What needs to be done
Write the data out again exactly, dropping any images it holds.

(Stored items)
Segment Open
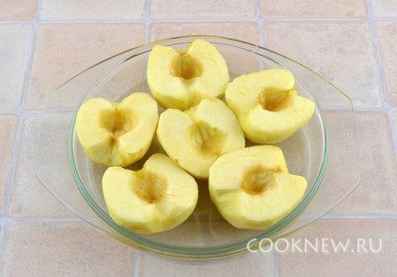Яблоки очистить от кожуры, разрезать пополам и вырезать несъедобную сердцевину. Положить в форму (или просто на противень)
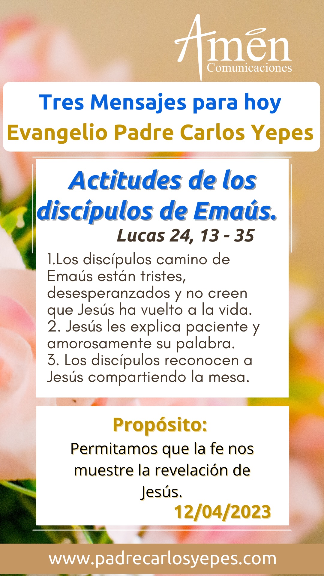 Hoy Señor te damos gracias por esta catequesis sobre los discípulos de Emaús y te decimos con ellos ¡quédate con nosotros, cae la tarde en nuestras vidas, necesitamos tu presencia uno, tu palabra que anima y estimula y hace arder el corazón dos y sobre todo tu pan de vida, la Eucaristía, que nos hace sentir que vives en medio de nosotros!
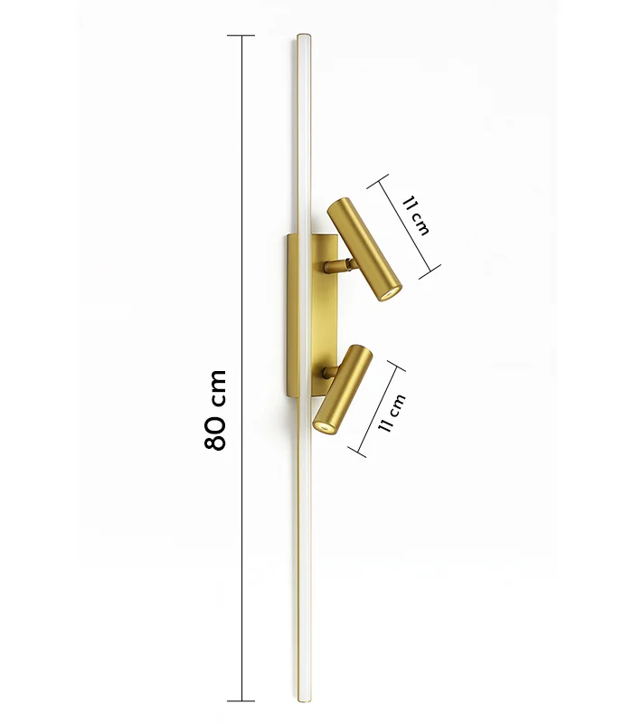 Add modern function and directional lighting to your space with this sleek LED wall light featuring two gold-finished wall spot lights. Mounted on an 80 cm rod, each spotlight measures 11 cm and is fully adjustable—allowing you to target light where it’s needed most.
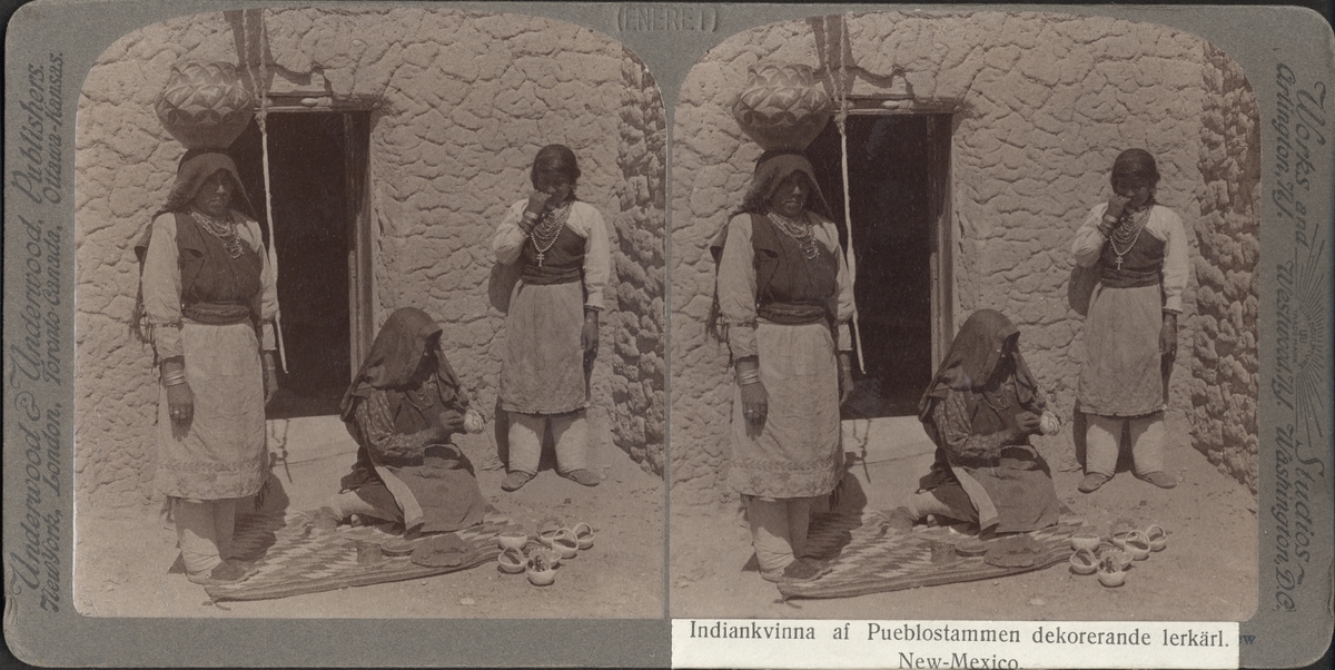 Stereobild av Indiankvinnor, tillhörande Publostammen, dekorerar lerkärl.
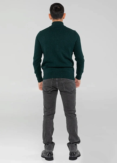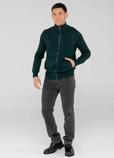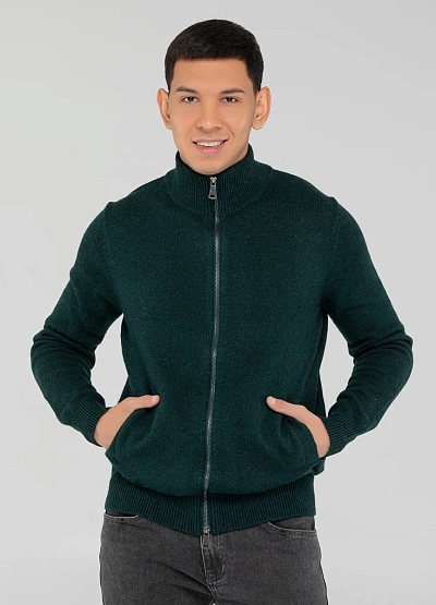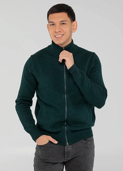 Мужской кардиган на молнии темно-зеленого цвета. Модель с длинными рукавами, высоким воротником и двумя боковыми карманами, выполнена в лаконичном стиле.
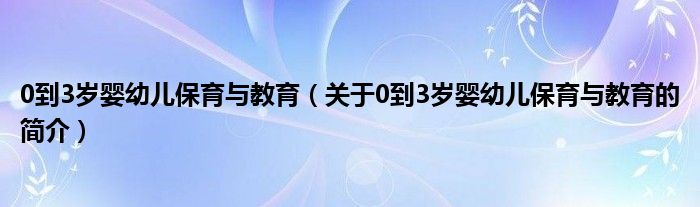 本文關于0到3歲嬰幼兒保育與教育的簡介就講解完畢,希望對大家有所幫助。
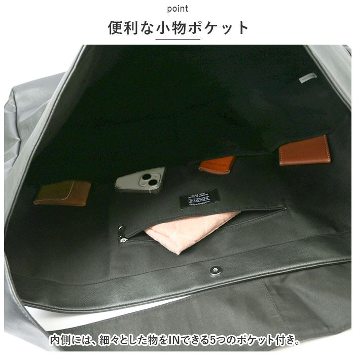 ・ショルダー部分は、肩に負担がかかりにくい幅広設計。バッグ自体が重さを感じにくく、毎日に通勤や旅行など長時間移動の際にもおすすめ。
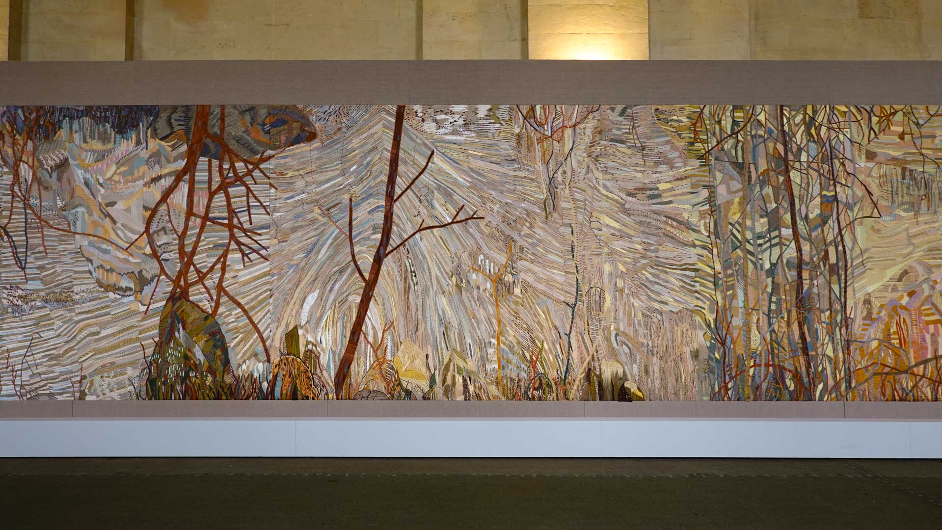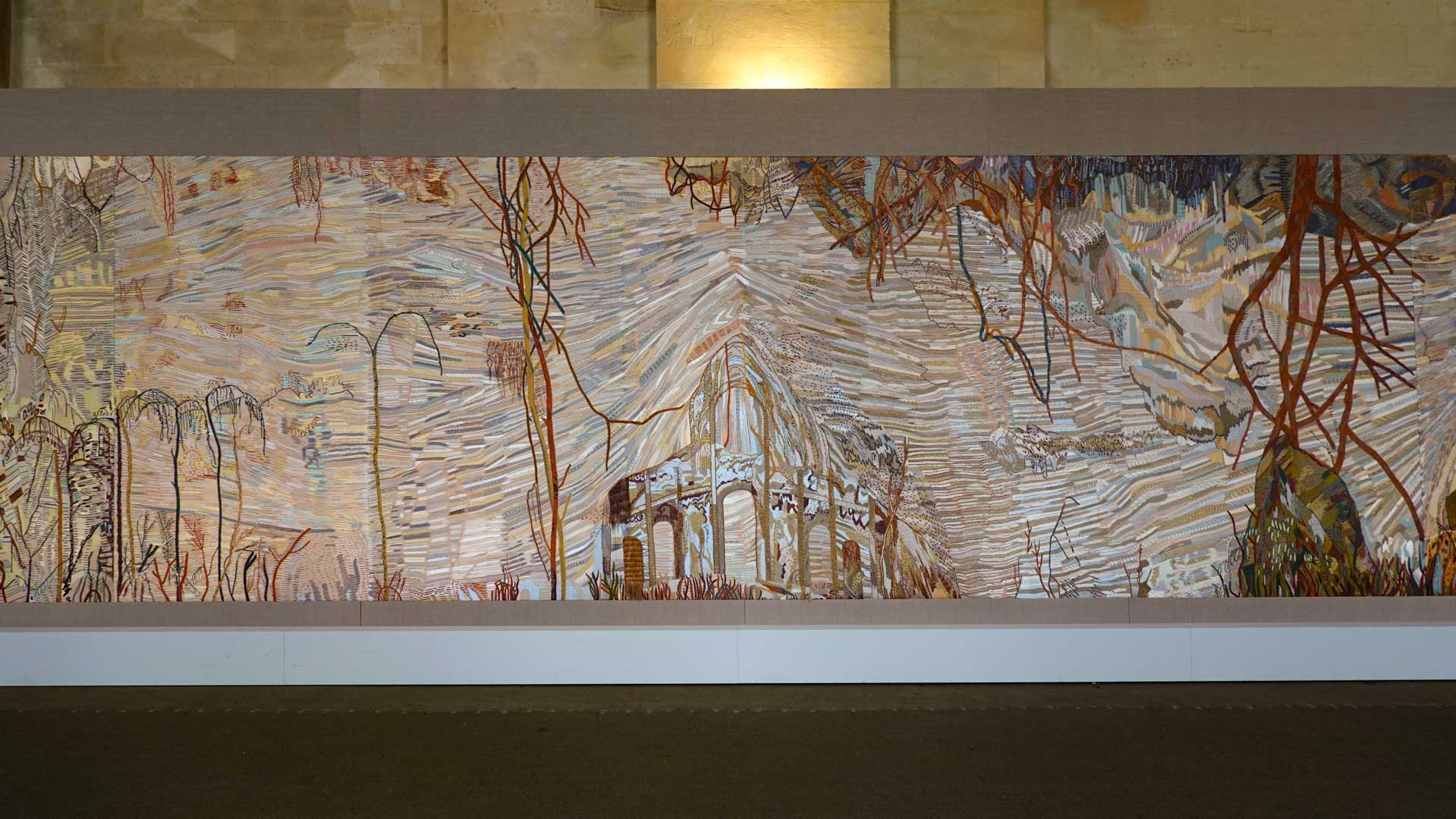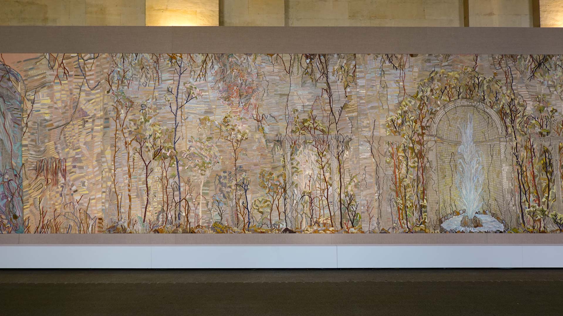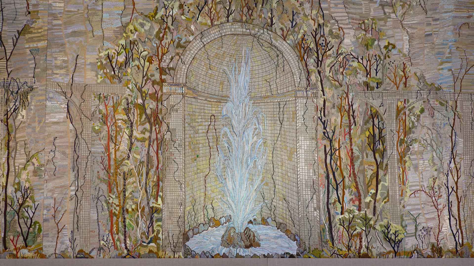 Avec l'ajout d'un panneau brodé inspiré des bosquets versaillais, notamment les Bains d'Apollon, Eva Jospin établit un dialogue entre l'art du jardin et la broderie.
Segment Closed
Output of the exercise
Яблоки очистить от кожуры, разрезать пополам и вырезать несъедобную сердцевину. Положить в форму (или просто на противень)
 Hoy Señor te damos gracias por esta catequesis sobre los discípulos de Emaús y te decimos con ellos ¡quédate con nosotros, cae la tarde en nuestras vidas, necesitamos tu presencia uno, tu palabra que anima y estimula y hace arder el corazón dos y sobre todo tu pan de vida, la Eucaristía, que nos hace sentir que vives en medio de nosotros!
 Add modern function and directional lighting to your space with this sleek LED wall light featuring two gold-finished wall spot lights. Mounted on an 80 cm rod, each spotlight measures 11 cm and is fully adjustable—allowing you to target light where it’s needed most.
 Stereobild av Indiankvinnor, tillhörande Publostammen, dekorerar lerkärl.
 Мужской кардиган на молнии темно-зеленого цвета. Модель с длинными рукавами, высоким воротником и двумя боковыми карманами, выполнена в лаконичном стиле.
 本文關于0到3歲嬰幼兒保育與教育的簡介就講解完畢,希望對大家有所幫助。
 ・ショルダー部分は、肩に負担がかかりにくい幅広設計。バッグ自体が重さを感じにくく、毎日に通勤や旅行など長時間移動の際にもおすすめ。
 Avec l'ajout d'un panneau brodé inspiré des bosquets versaillais, notamment les Bains d'Apollon, Eva Jospin établit un dialogue entre l'art du jardin et la broderie.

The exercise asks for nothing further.